#### STORED DATA
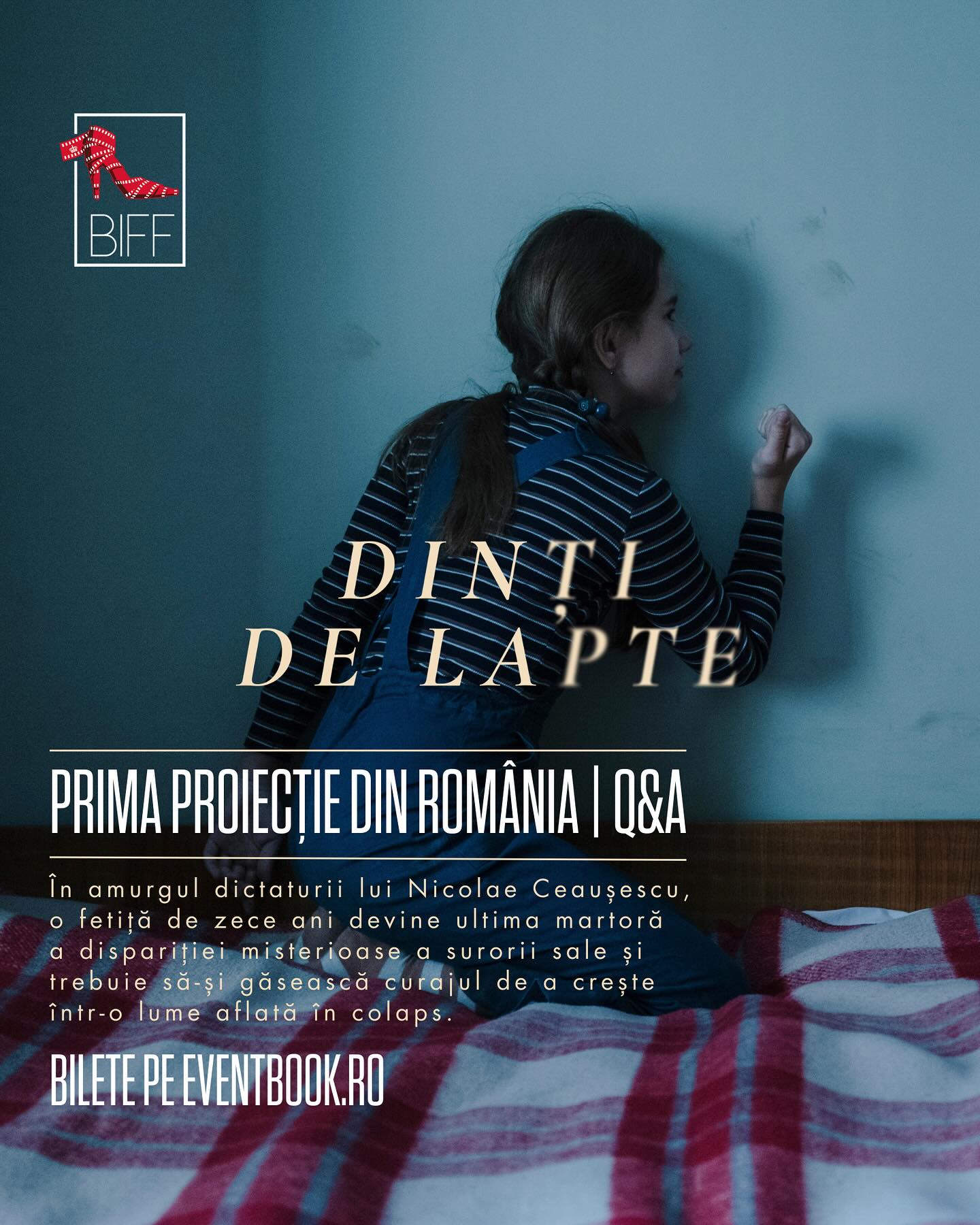 „Dinți de lapte”, al doilea lungmetraj semnat de regizorul și scenaristul Mihai Mincan, deschide cea de a XXI-a ediție a Bucharest International Film Festival (BIFF)! La evenimentul ce va avea loc pe 19 septembrie, de la 19:30, la Cinema Muzeul Țăranului, studioul Horia Bernea, în cadrul galei de deschidere a festivalului, vor participa regizorul Mihai Mincan, producătorii Ioana Lascăr și Radu Stancu (deFilm), actorul István Téglás, actrițele Marina Palii și Mihaela Rădescu, actorii debutanți (copii) Emma Ioana Mogoș, Lara Comănescu, Albert Ciută, Karina Gherasim, editorul Dragoș Apetri, operatorul Andrei Oană, compozitorul Marius Leftărache, scenografa Anamaria Tecu, alături de Dana Păpăruz (designer costume) și Florentina Bratfanof (directoare de casting).
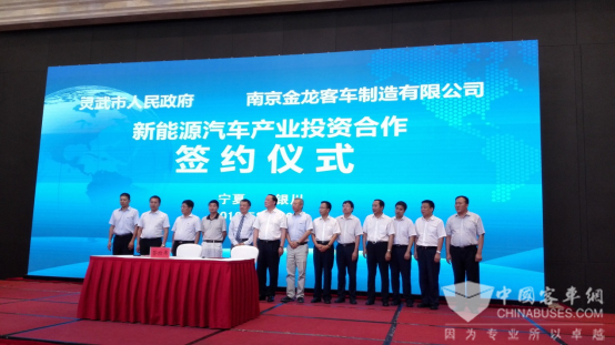 2016年8月16日,南京金龙客车制造有限公司与灵武市人民政府就宁夏新能源汽车制造出口产业基地项目签约仪式在银川国际交流中心举行。南京金龙董事长黄宏生、副总裁金晓辉、以及银川市委市政府、灵武市委市政府领导出席此次签约仪式。
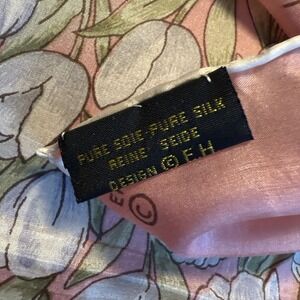 Vintage 100% Silk Scarf E.H. Holland Pink Tulips Floral Print 29x28
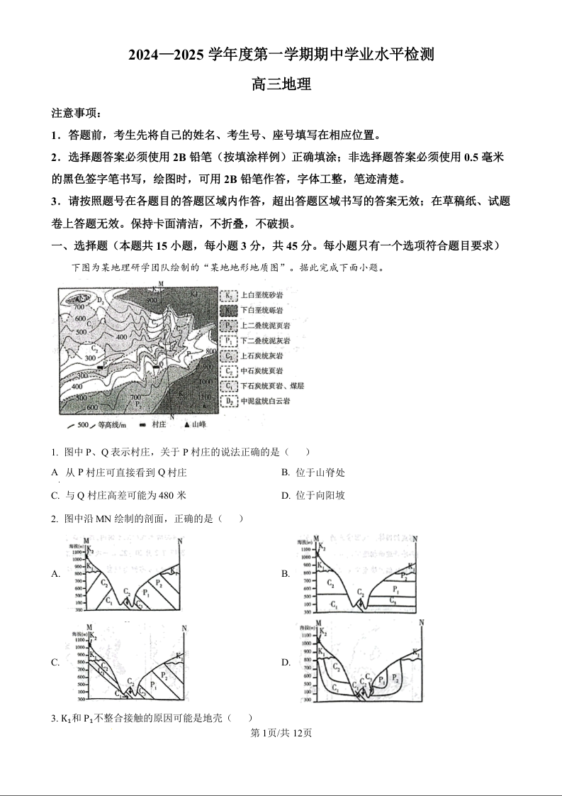 山东省烟台市2024-2025学年度第一学期期中学业水平诊断+地理答案
########
## [TASK PROMPT]
Drop the images and repeat the data exactly.

## [SOLUTION TO THIS EXERCISE]
 „Dinți de lapte”, al doilea lungmetraj semnat de regizorul și scenaristul Mihai Mincan, deschide cea de a XXI-a ediție a Bucharest International Film Festival (BIFF)! La evenimentul ce va avea loc pe 19 septembrie, de la 19:30, la Cinema Muzeul Țăranului, studioul Horia Bernea, în cadrul galei de deschidere a festivalului, vor participa regizorul Mihai Mincan, producătorii Ioana Lascăr și Radu Stancu (deFilm), actorul István Téglás, actrițele Marina Palii și Mihaela Rădescu, actorii debutanți (copii) Emma Ioana Mogoș, Lara Comănescu, Albert Ciută, Karina Gherasim, editorul Dragoș Apetri, operatorul Andrei Oană, compozitorul Marius Leftărache, scenografa Anamaria Tecu, alături de Dana Păpăruz (designer costume) și Florentina Bratfanof (directoare de casting).
 2016年8月16日,南京金龙客车制造有限公司与灵武市人民政府就宁夏新能源汽车制造出口产业基地项目签约仪式在银川国际交流中心举行。南京金龙董事长黄宏生、副总裁金晓辉、以及银川市委市政府、灵武市委市政府领导出席此次签约仪式。
 Vintage 100% Silk Scarf E.H. Holland Pink Tulips Floral Print 29x28
 山东省烟台市2024-2025学年度第一学期期中学业水平诊断+地理答案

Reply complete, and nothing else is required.